● **What you have to do**:
Where the data below contains pictures, omit them; output the rest word for word.

● **Source data**:
┌──
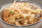 ⑤炊きあがったらレンコンを崩しながらよく混ぜて茶碗に盛り、お好みで青ネギを散らせば出来上がり
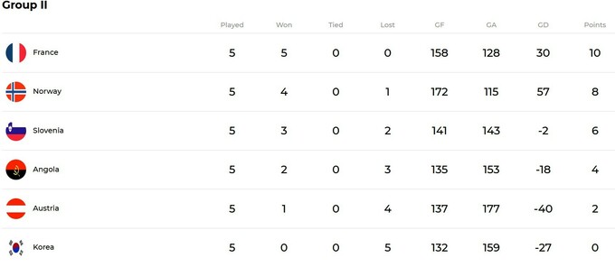 Группа 2: Норвегия, Франция, Словения, Австрия, Ангола, Южная Корея
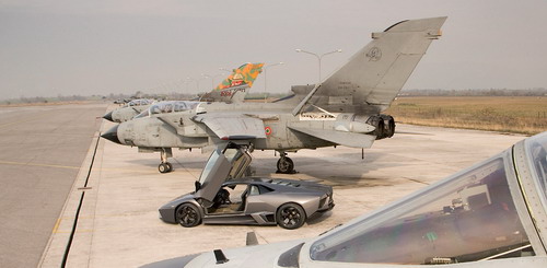 虽不能翱翔蓝天,但是能够单挑战斗机与之并驾齐驱是所有超级跑车奋斗的最终目标。近日,位于意大利北部的Ghedi空军基地:意大利空军的A200-A Tornado狂风式战斗机,与同样来自意大利的兰博基尼限量超级跑车Reventon,进行了一场陆空跨界加速大赛。
└──
● **Your solution**:
 ⑤炊きあがったらレンコンを崩しながらよく混ぜて茶碗に盛り、お好みで青ネギを散らせば出来上がり
 Группа 2: Норвегия, Франция, Словения, Австрия, Ангола, Южная Корея
 虽不能翱翔蓝天,但是能够单挑战斗机与之并驾齐驱是所有超级跑车奋斗的最终目标。近日,位于意大利北部的Ghedi空军基地:意大利空军的A200-A Tornado狂风式战斗机,与同样来自意大利的兰博基尼限量超级跑车Reventon,进行了一场陆空跨界加速大赛。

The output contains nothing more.